= RECORDS SUPPLIED =

=-=-=-=-=

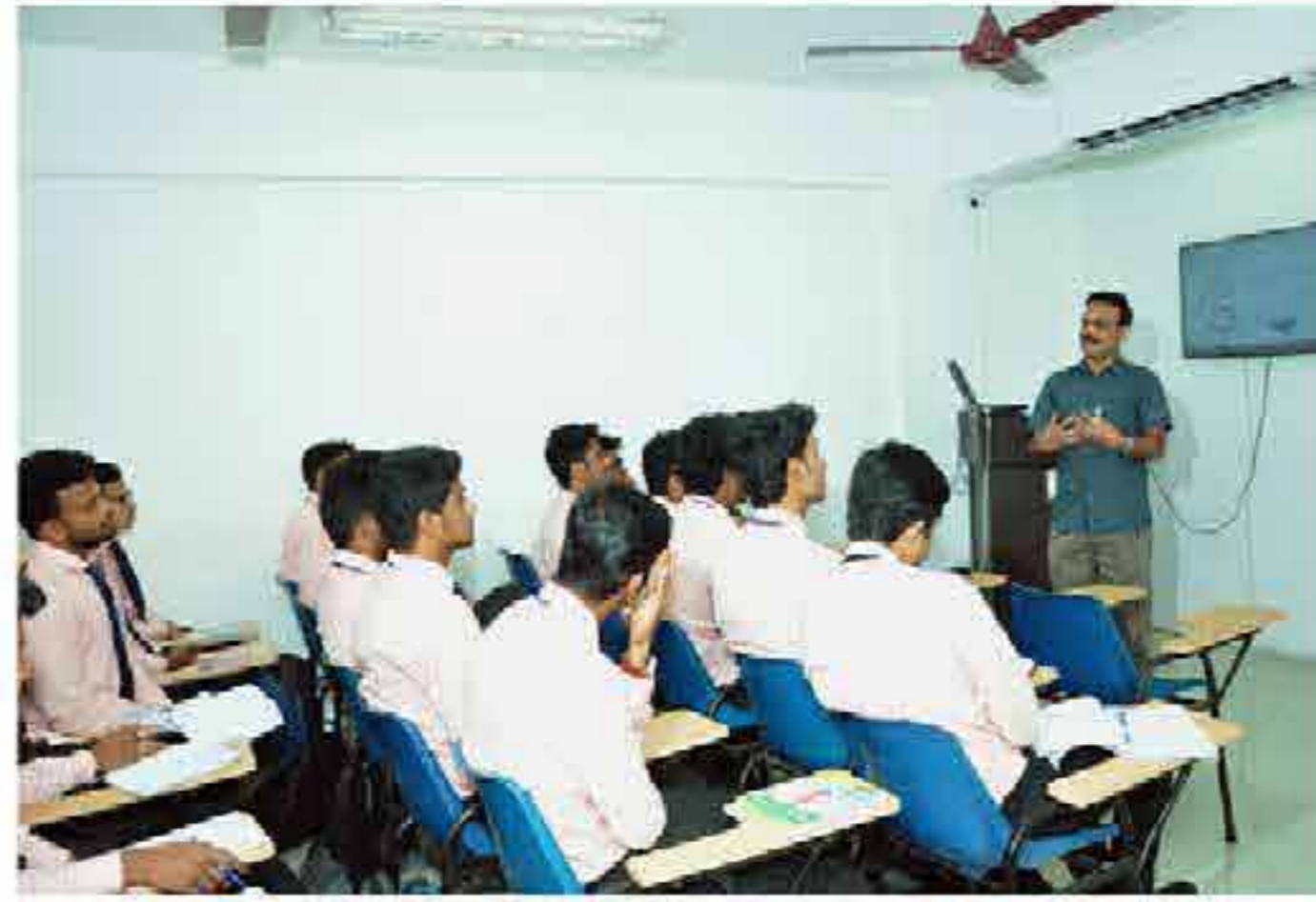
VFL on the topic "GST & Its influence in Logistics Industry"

=-=-=-=-=

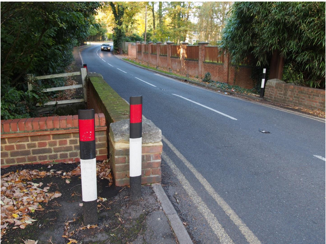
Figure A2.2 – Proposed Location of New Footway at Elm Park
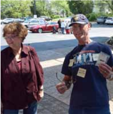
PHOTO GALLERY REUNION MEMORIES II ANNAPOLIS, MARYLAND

=-=-=-=-=

= YOUR GOAL =
Return the stretch of data that begins with the line showing "Figure A2.2 –" and goes on through the line showing "PHOTO GALLERY REUNION", exactly, with pictures removed.

= TASK RESULT =
Figure A2.2 – Proposed Location of New Footway at Elm Park
PHOTO GALLERY REUNION MEMORIES II ANNAPOLIS, MARYLAND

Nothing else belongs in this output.